Г.БОРОВИК: Вы знаете, я вам могу сказать, да. Это было уже в 1952-м году.
К.ЛАРИНА: Еще до смерти Сталина?
Г.БОРОВИК: До смерти. Холодное лето 1952-го года значительно более холодное, чем лето 1953-го, несмотря на то, что фильм сделан хороший о 1953-м годе. И пришел купец из разведки, как мы знали, и ему дали, он попросил сам – это еще весна была, еще до экзаменов – дать самых таких отличников. Ну у меня все было в порядке, я на каждом курсе был отличником, переходил всегда хорошо. И он меня вызвал, ну, среди других, конечно. Он меня вызвал, начал смотреть мое личное дело, там, пятерка тут, пятерка там, пятерки – все это ему понравилось. Ну, это: «Очень хорошо». Потом повернул первую страницу и говорит: «Позвольте, а что это у вас за отчество?» А отчество у меня «Авиэзерович», библейское, в переводе оно означает «Бог в помощь».

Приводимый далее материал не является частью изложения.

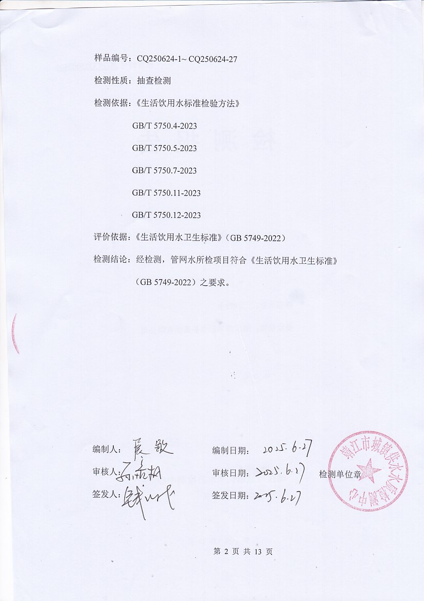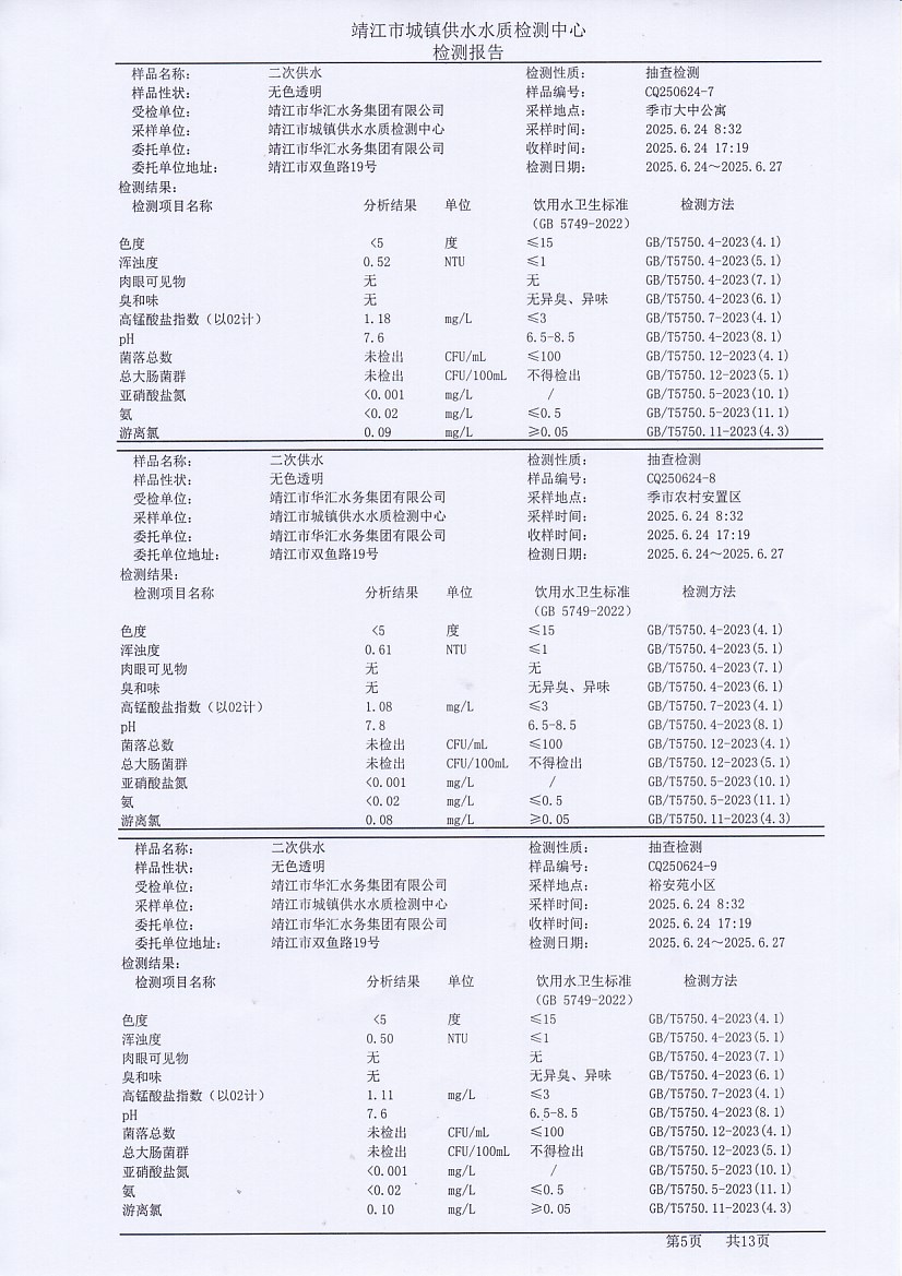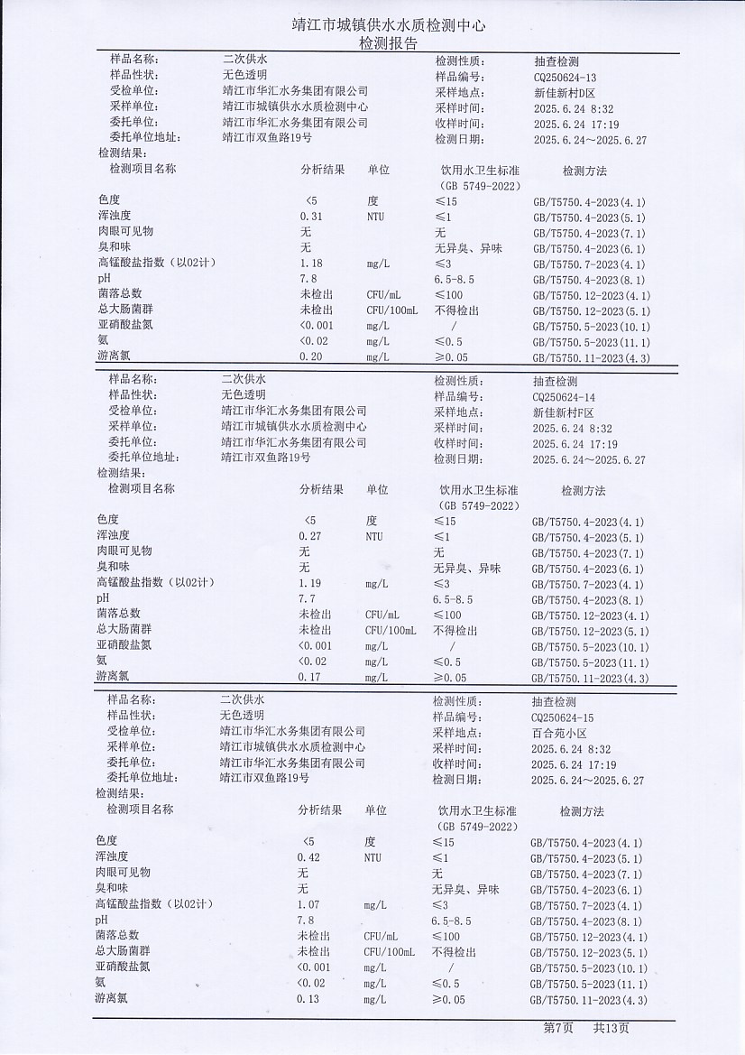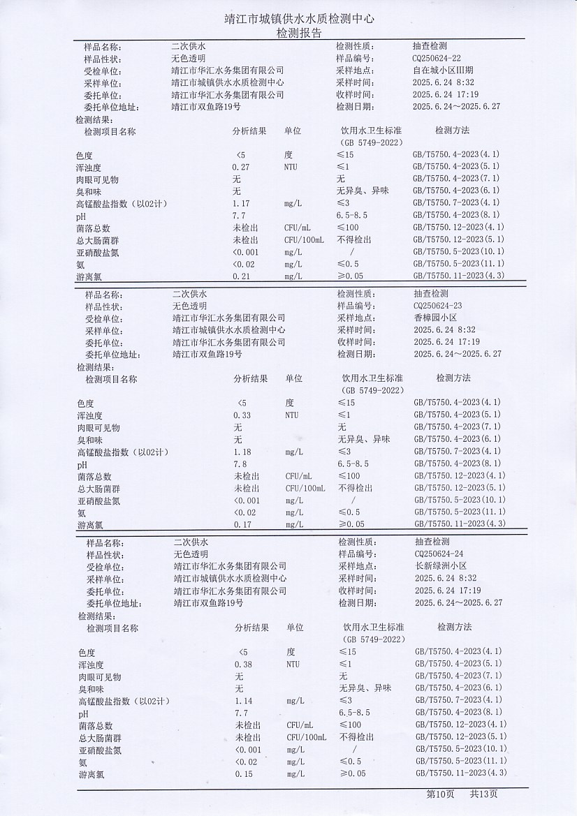 二次供水檢測(cè)報(bào)告2025.6.25

К.ЛАРИНА: Буквально получилось, наверное.
Г.БОРОВИК: Да, не говорите. И он говорит: «А-а». Так, как водится такие междометия, потом закрыл: «Ну, вам позвонят». Никто уже мне не позвонил.
К.ЛАРИНА: То есть спас вас?
Г.БОРОВИК: А?
К.ЛАРИНА: Пятый пункт спас.
Г.БОРОВИК: Да, пятый пункт меня спас. А я бы пошел, потому что журналистики у нас не было. Был такой факультативный семинар журналистики. Но еще больше мы, в общем, тренировались в журналистике, ребята, которые стали потом журналистами, в нашей стенной газете. У нас замечательная была, огромная, не знаю, метров 6 длиной, метра 3 высоты газета, которая называлась «Международник». И там очень многие будущие журналисты. Но я продолжу после...
К.ЛАРИНА: Да, мы потом продолжим наше путешествие по судьбе Генриха Боровика. А сейчас у нас новости.
НОВОСТИ
К.ЛАРИНА: Возвращаемся в программу «Дифирамб». Напомним, что сегодня в гостях у нас Генрих Боровик, мы путешествуем так, совершенно спокойно, по волнам нашей памяти это называется, Генрих Аверьянович. Я еще хотела вот что спросить по поводу вашей учебы в МГИМО, в институте. Это же холодная война, да? Самый какой-то ее просто пик. А где вы?
Г.БОРОВИК: Ну, пиков было много еще потом.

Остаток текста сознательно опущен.